Village in Lancashire, England

Hoghton is a small village and civil parish in the Borough of Chorley, Lancashire, England. At the 2011 Census, it had a population of 802. Brindle and Hoghton ward also includes the parish of Brindle.

Hoghton Tower is a fortified manor house, and the ancestral home of the de Hoghton family from the 12th century.

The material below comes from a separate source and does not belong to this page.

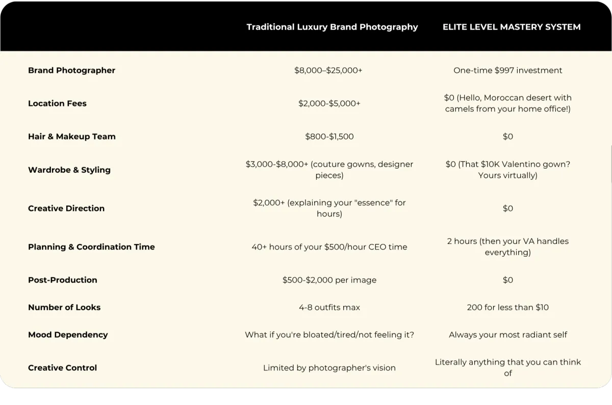 One luxury photoshoot: $5K. This complete system: $997. Refer just 2 friends and your investment disappears. The math literally doesn't make sense NOT to do this.

Also within the parish are the hamlets of Riley Green and Hoghton Bottoms. The villages of Gregson Lane and Coupe Green are sometimes described as lying in Hoghton, although they are outside the parish, forming the ward of Coupe Green and Gregson Lane in the South Ribble district.

A local folk tale tells that two Hoghton poachers once raided a rabbit warren inhabited by fairies. When they heard the fairies' voices coming from the sacks they were carrying, they fled in terror.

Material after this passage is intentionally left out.